Après un été de flou et de petites phrases, les choses commencent à se préciser pour le Brexit, au coeur de la rentrée du parlement britannique à Londres, comme de la clôture du G20 en Chine, où même François Hollande a dit accepter désormais de laisser du temps au gouvernement.

Plus de deux mois après le référendum, les députés britanniques ont repris leurs travaux, aussi divisés que les citoyens, pendant que les partisans du Brexit manifestaient pour refuser tout rétropédalage et presser le gouvernement d'agir, une pétition en ligne a recueilli 4 millions de signatures pour exiger une nouvelle consultation. "Brexit signifie Brexit", a répété tout l'été la Première ministre Theresa May. Mais sans préciser les modalités, ni la date à laquelle sera déclenché le fameux article 50 du traité de Lisbonne lançant les négociations de sortie: "pas avant la fin de l'année".

Et cette date semble convenir aujourd'hui y compris aux dirigeants les plus pressés

Comme François Hollande qui au lendemain du 23 juin demandait une clarification rapide, et qui estime aujourd'hui nécessaire de laisser du temps aux Britanniques pour se préparer à l'ouverture de la négociation, la fin de l'année est le délai raisonnable". Le Royaume-Uni aura alors deux ans pour négocier les modalités de son départ et quitter l'Union. Pour l'instant l'économie résiste bien mais Tout report aurait des conséquences dommageables, ont souligné en Chine les dirigeants du G20; le Japon alerte sur un possible départ des banques nipponnes de la City. Les enjeux sont considérables, les négociations seront d'autant plus délicates.

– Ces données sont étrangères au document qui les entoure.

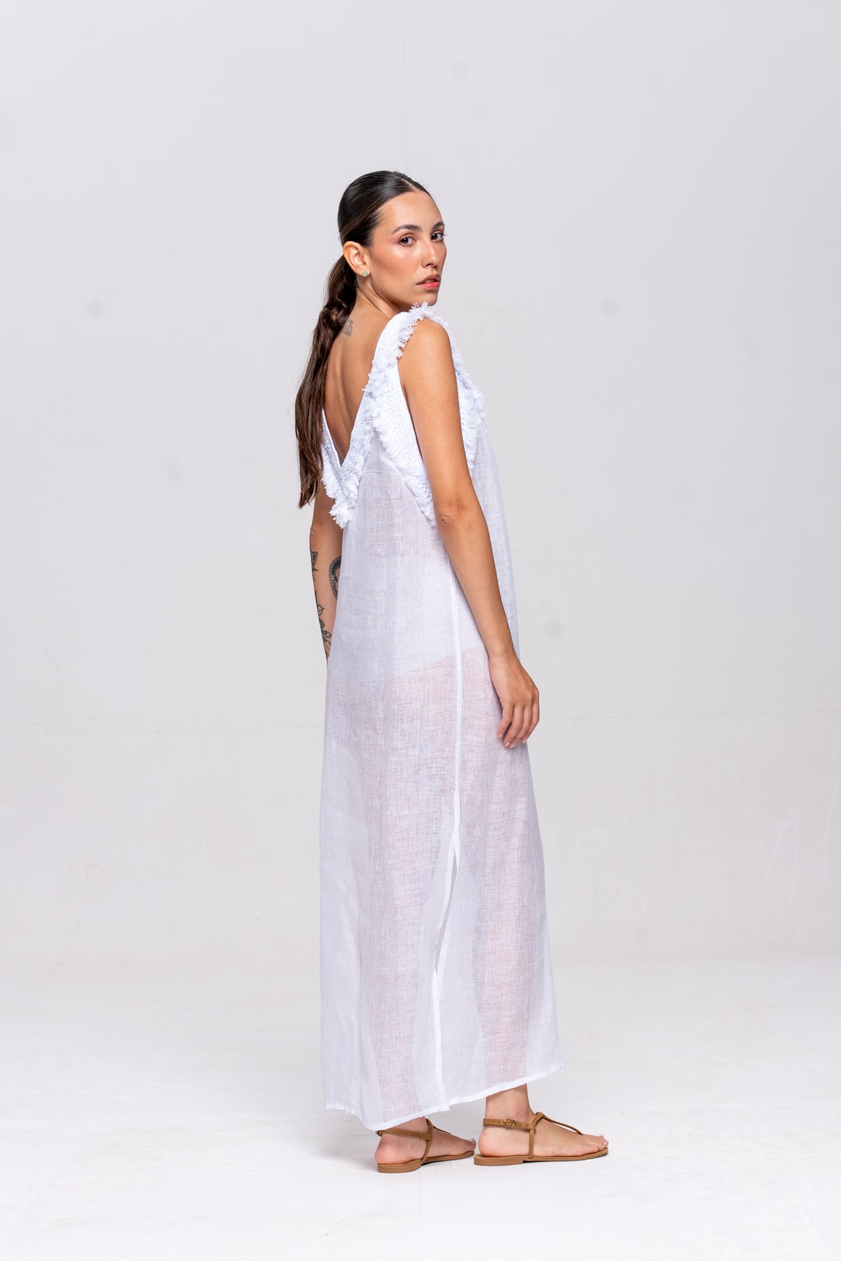 O Vestido Brigite de alça, confeccionado em gaze de linho, reflete a leveza e autenticidade características da Sohoostyle. O modelo apresenta decote em “V” tanto na frente quanto nas costas, com acabamento em franjas artesanais tingidas manualmente junto ao tecido, que valorizam a belaza da peça.

L'un des sujets les plus sensibles étant l'immigration: la fin de la libre-circulation

Car c'est ce que qu'ont demandé les électeurs, assure la première ministre. Le gouvernement veut un système qui lui permettra d'avoir un contrôle effectif des entrées. Mais là encore c'est le flou concernant les modalités. Theresa May ne veut pas du système à points à l'australienne, préconisé par les pro-Brexit, mais qui peut selon elle être contourné. De toutes façons pour l'Union la libre circulation est une condition sine qua non à l'accès à son marché unique.

Londres veut un accord spécifique, un Brexit sur mesure, c'est une première. Et puis il n'y a pas que l'Europe. Au G20 Theresa May a présenté les futures opportunités commerciales. l'Inde, le Mexique, la Corée du Sud et Singapour sont déjà interessés.